Almost all couples who have normal sexual intercourse and do not use contraception achieve pregnancy within 1 year. However, a certain percentage are unable to have a child due to infertility, which affects about one in six couples. Infertility can be a problem for both women and men, affecting both genders equally [1]. Azoospermia is a severe type of male infertility that prevents couples from having their own children through natural pregnancy. Azoospermia means the inability to detect any sperm at all under a microscope when semen is centrifuged, and the process is performed at least twice [2]. Azoospermia was reportedly observed in ∼16% of infertile Japanese men [3].

There are two patterns of azoospermia. The first is obstructive azoospermia (OA) and the second is nonobstructive azoospermia (NOA). In OA, spermatogenesis is normal, but sperm fails to be delivered into the ejaculate because of ductal obstruction. NOA is defined as minimal or no production of fully developed spermatozoa in the seminiferous tubules. It has been estimated that NOA accounts for 60% of azoospermia [4]. It is conventionally classified according to where it arises, as pretesticular or testicular. Pretesticular NOA is due to hypothalamic–pituitary disorders in which follicle-stimulating hormone (FSH) and luteal hormone (LH) are not produced by the pituitary, whereas testicular NOA is a disorder of spermatogenesis. There are few cases of pretesticular NOA but many of testicular NOA. In this manuscript, NOA means testicular NOA.
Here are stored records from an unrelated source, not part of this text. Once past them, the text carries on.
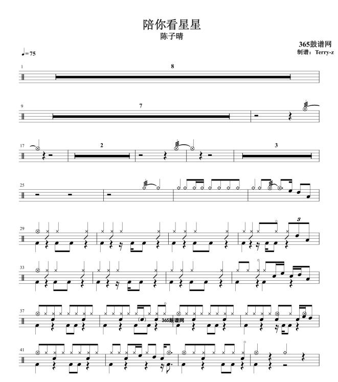 原创鼓谱 陪你看星星 鼓谱 架子鼓 高清鼓谱PDF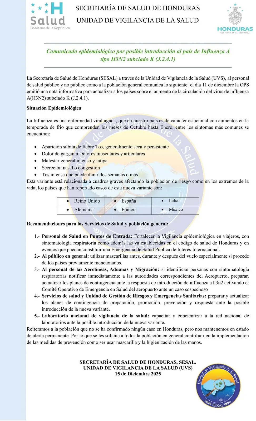 Redacción. La Secretaría de Salud (Sesal) emitió una alerta y ordenó la preparación inmediata de un plan de contingencia ante el aumento de la circulación global del virus de influenza A (H3N2), subclade K (J.2.4.1).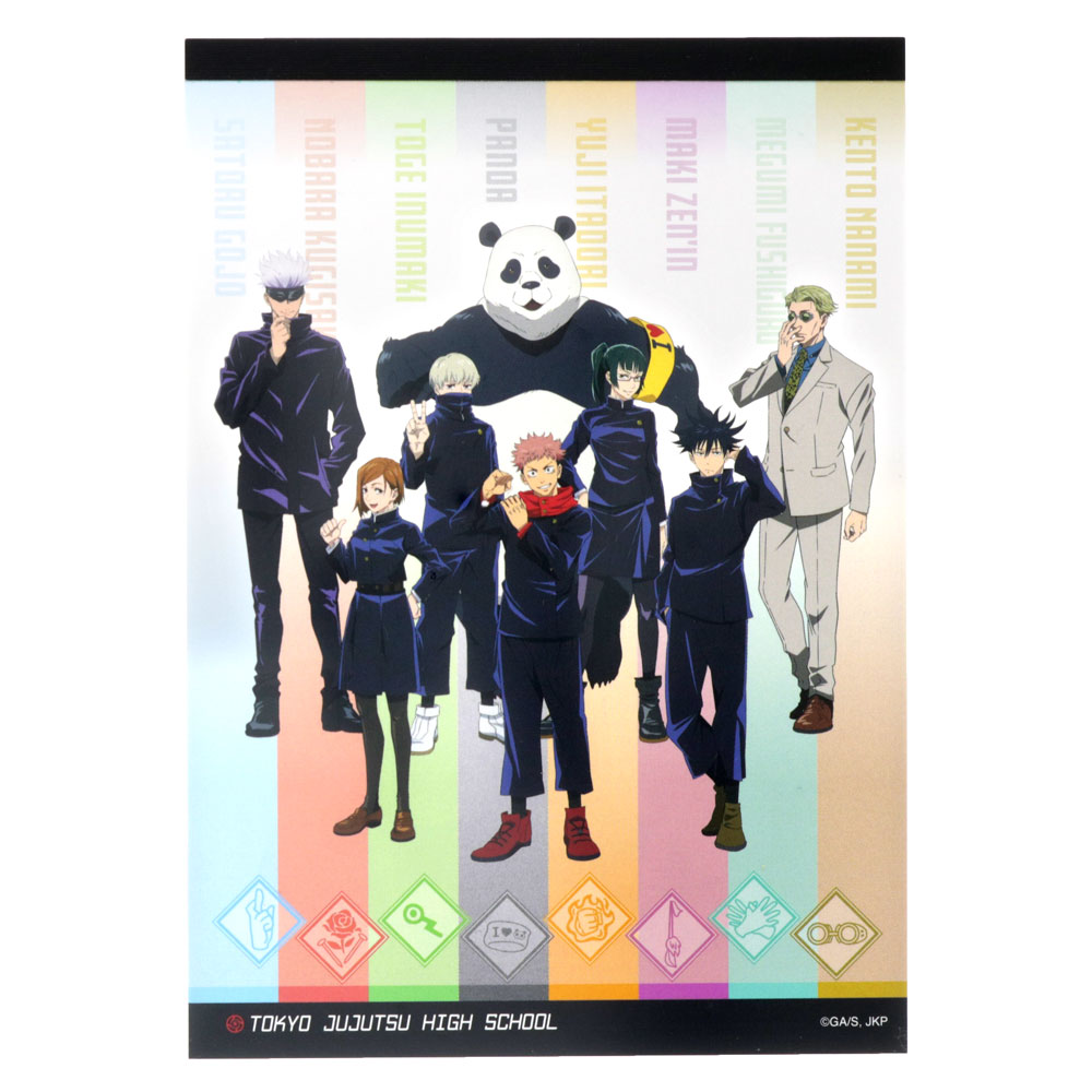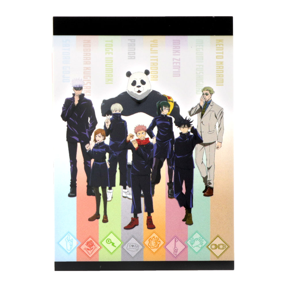 「虎杖悠仁」「伏黒恵」「釘崎野薔薇」「禪院真希」「狗巻棘」「パンダ」「七海建人」「五条悟」らが大集合したBデザインのメモミニ。

Testicular sperm extraction (TESE) is required for obtaining sperm from patients with azoospermia. Conventional TESE (cTESE) is performed to obtain sperm from patients with OA and NOA, while microdissection testicular sperm extraction (micro-TESE) is the gold standard for obtaining sperm from patients with NOA. Micro-TESE involves the use of optical magnification to target specific seminiferous tubules that contain mature sperms [5].

Schlegel reported that the rate of successful sperm retrieval by micro-TESE was 50%–60% in patients with NOA [5], while Amer et al. [6] reported that micro-TESE had a higher sperm retrieval rate than cTESE (47% versus 30%). Yumura et al. [3] noted a sperm retrieval rate of 34.0% when a total of 695 micro-TESEs were performed during 1 year at 24 hospitals in Japan. Thus, reported sperm retrieval rates have not been very high so far.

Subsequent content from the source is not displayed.